Dr Alvin F Poussaint, a professor of psychiatry at Harvard Medical School, sees another formidable tool in the fight against teen dating violence: parents.

"We still see movies where women are slapped around. There should be lots of occasions and opportunities for parents to communicate with their kids without sitting down and giving a lecture,” Poussaint says. “They can talk about movies and depictions of violence, and what they think of that. Then they can ask if they've seen anything like that happen at school."

Wiseman says her breakthrough came during a family vacation. Her parents had noticed for some time that something was wrong, she recalls, but when they'd try to find out, she would invariably shut them off.

"By the time I was 18, I was so distant, I never came out of my room," she adds.

"I remember being in a car on vacation and my mother said, 'I don't know what's going on, but you can make mistakes. No decision is permanent. If you want to talk to me, here I am,' " she says.

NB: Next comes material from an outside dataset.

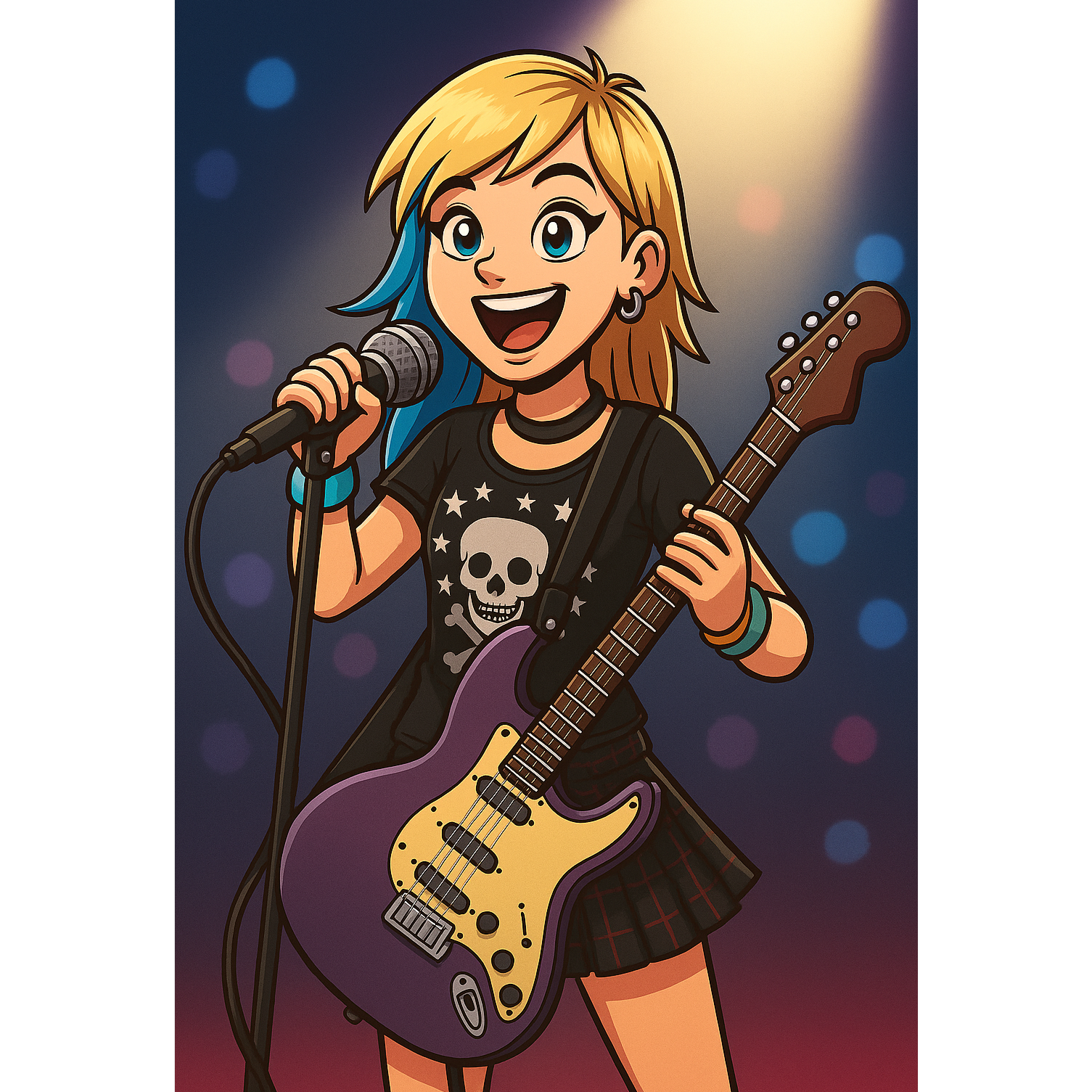 Energetic female pop-punk with bright melodic lifts, playful attitude, bouncy punk rhythms, catchy hooks, upbeat guitars, punchy drums, emotional edge, talk-singing moments, dynamic transitions, No artist references

"It was a little window - but it was enough to make me think there was hope," Wiseman says. "It was one of the most important things that was said to me that enabled me to stop the relationship."

What To Do

While teens in abusive relationships will rarely discuss it, here are some of the warning signs parents can look for:

  • The relationship becomes intense very quickly;
  • She stops spending time with her friends;
  • She drops out of her favorite activities, leaving her with only one identity - being a girlfriend;
  • She makes apologies for her boyfriend's behaviour;
  • He calls excessively to check on her;
  • She seems extremely nervous and has difficulty making decisions;
  • She has unexplained bruises;
  • Her school performance suffers, with no explanation;
  • She seems depressed and isolates herself from her family.